One sister court has addressed the precise issue before us. See Towns Real Estate & Appraisal Services, Inc. v. Resolution Trust Corp., 753 F.Supp. 914 (N.D.Ala.1991). In Towns Real Estate, the court first looked at two earlier district court cases dealing generally with the issue of removal. See American Savings & Loan Assoc. v. Hoss, 716 F.Supp. 979 (S.D.Tex.1989); Federal Deposit Ins. Corp. v. Norwood, 726 F.Supp. 1073 (S.D.Tex.1989). See also Fed. Deposit Ins. Corp. v. Loyd, 744 F.Supp. 126 (N.D.Tex.1990). In both these cases the time for removal began to run from the date the governmental agency was appointed as receiver and not from the date the agency first appeared in the local action. Towns Real Estate, 753 F.Supp. at 915-16; American Savings & Loan, 716 F.Supp. at 980; Federal Deposit Ins. Co., 726 F.Supp. at 1075-77. Accord Woburn Five Cents Sav. Bank v. Robert M. Hicks, 930 F.2d 965, 968-71 (1st Cir.1991) (“[W]e think the more reasonable approach is to treat the FDIC as a full party as a matter of law at the time of appointment since, at that time, the bank ceases to operate independently.”). The court in Town Real Estate thus opined:

RTC could have removed this case the day after it became receiver of City Federal on September 14, 1990. The whole concept of a specific time period within which removal can take place is built on the idea that the time begins to run on the date when the case could first have been removed.
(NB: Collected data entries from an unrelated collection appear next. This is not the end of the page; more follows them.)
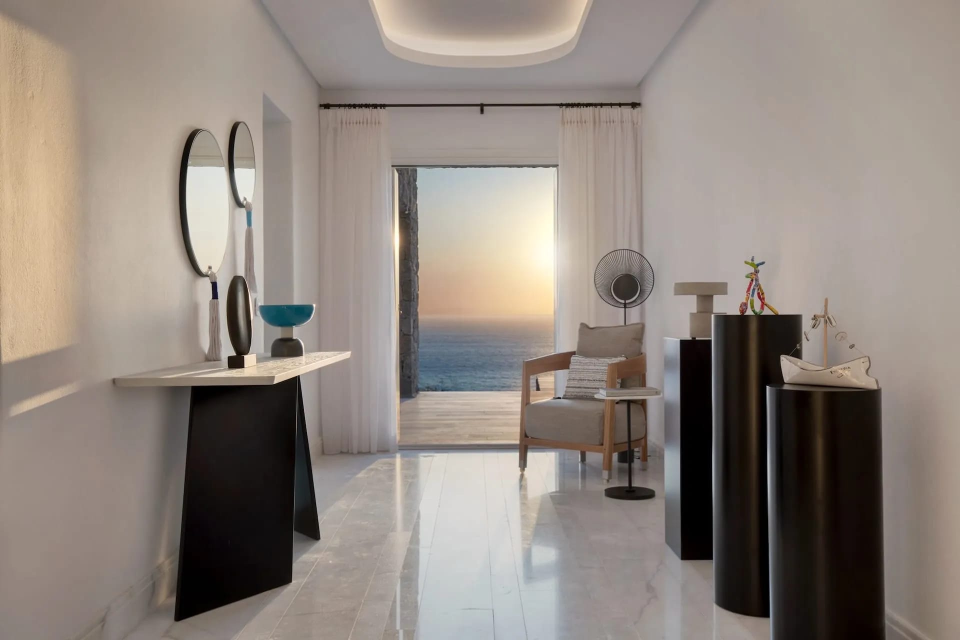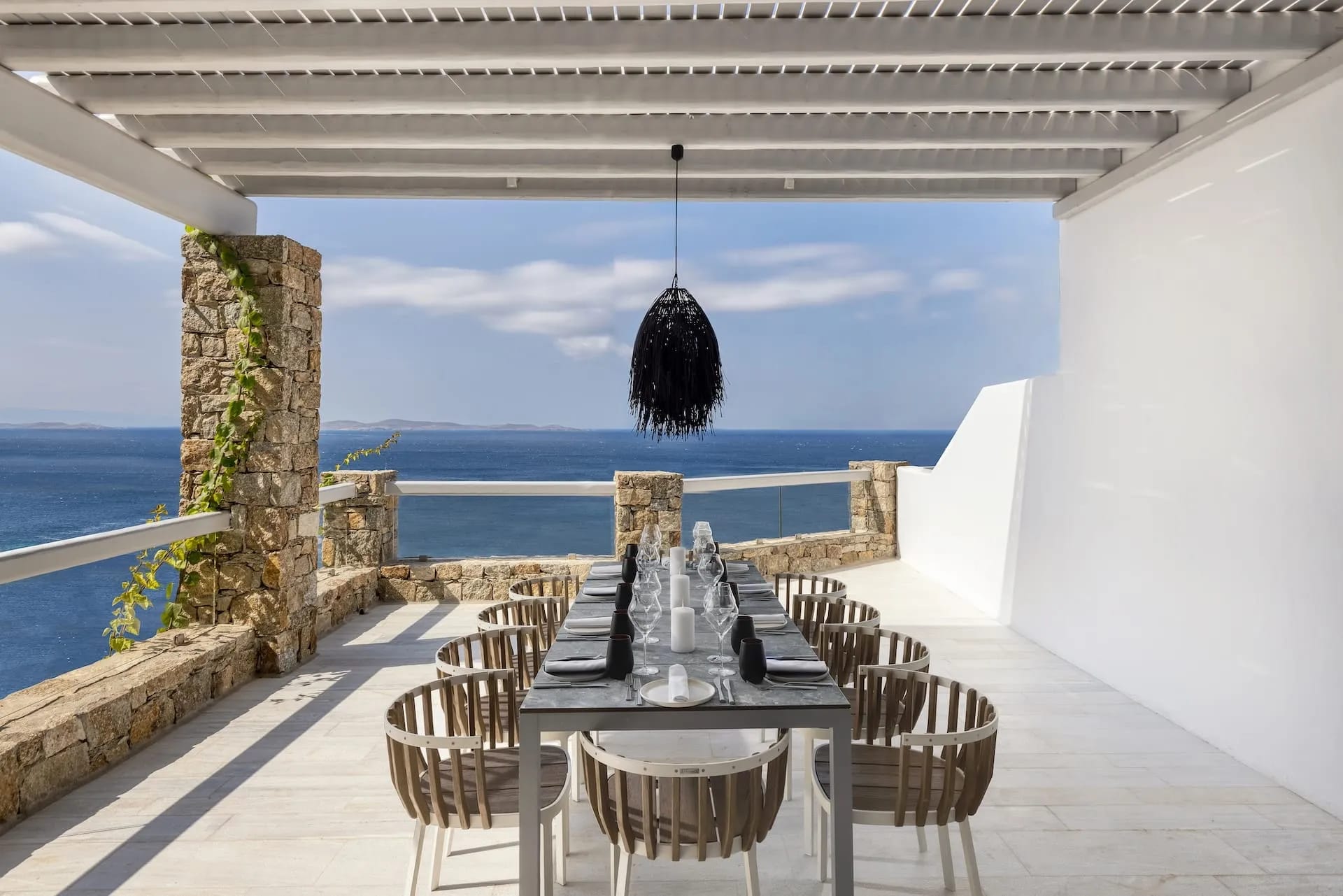 Cutting edge comfort meets a realm of cocooned privacy at the Mykonos Riviera 8 bedroom villa, which comes with a butler service (on request), Blending the privileges of a secluded holiday home with the round the clock, premium services and security of a 5* hotel, the newest luxury villa in Mykonos, offers the best of both worlds, for those who seek nothing else than the ultimate Mykonos experience.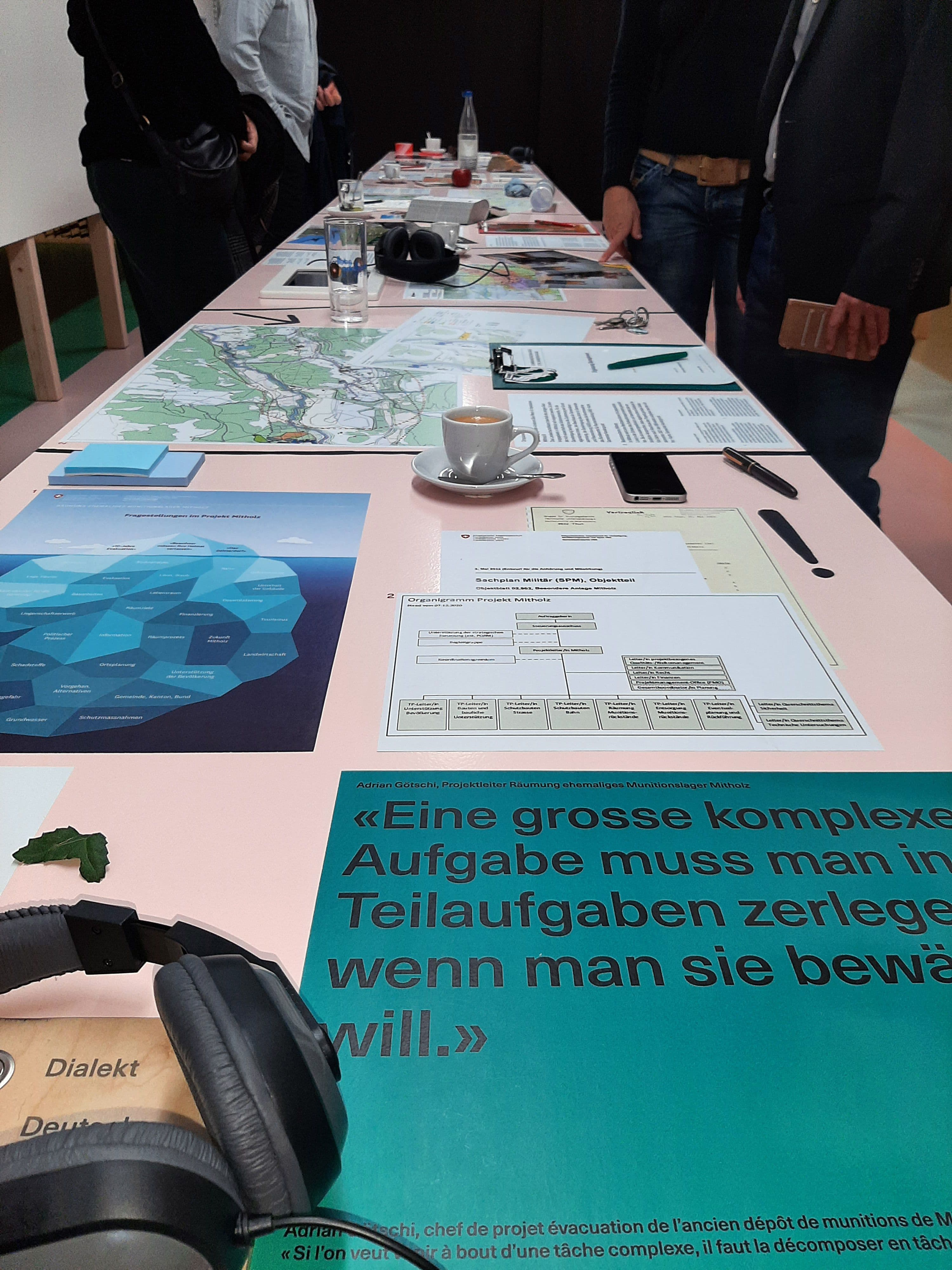 Dazu tragen neben der dauernden Präsenz der Betroffenen auch die starken Emotionen der von Karin Bucher verantworteten Szenografie bei: Das im «Hodlersaal» des Museums aus kreisrund positionierten Lautsprechern intonierte Abschiedslied an den Ort «Läb wohl Mitholz» geht unter die Haut, auch wenn man den Auftritt von Frauen und Männern aus Mitholz und dem Umfeld des Projekts nicht live an der Ausstellungseröffnung erleben hat können: «Mir müesse gah…».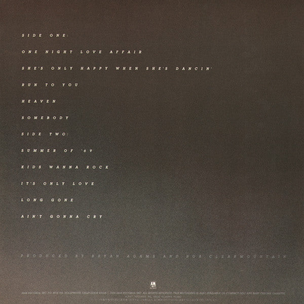 Bryan Adams - Reckless (LP, Album) - Near Mint (NM or M-) / Very Good Plus (VG+)

The pertinent statutory language here provides that RTC “shall be substituted as a party in any civil action....” 12 U.S.C. § 1441a(Z)(2) (emphasis supplied). This language is mandatory. It does not give RTC or the state court any discretion in the matter. Therefore, “substitution” does not depend upon any action being taken by RTC or the state court. The obtaining of a formal order of substitution in the state proceeding is a redundancy, albeit a permissible one. RTC could shortcut any such procedure and simply file its notice of removal directly in the federal district court, reciting the pertinent facts. To conclude otherwise could create a chaotic condition in the state courts. It would cause consternation not only among the state judiciary but among the state court litigants, while they waited for the possible RTC removal shoe to drop, perhaps years into complex litigation.

753 F.Supp. at 916.

This same concern about giving RTC unfettered control over the removal clock was shared by the district court in Hellon & Assoc. v. Phoenix Resort Corp., 755 F.Supp. 280, 282-83 (D.Ariz.1990). In Hellon & Assoc., the court found that, where RTC is appointed conservator or receiver, they should be deemed as substituted in the pending state court action as of the date the bank filed the action. As the court discussed,

[u]nder this interpretation, the timing of the removal period would run as of the date of the filing of the action. Note that from plaintiffs perspective, any other interpretation effectively would give RTC the power to determine when the removal period begins to run. This would basically give the RTC unfettered control over the removal process.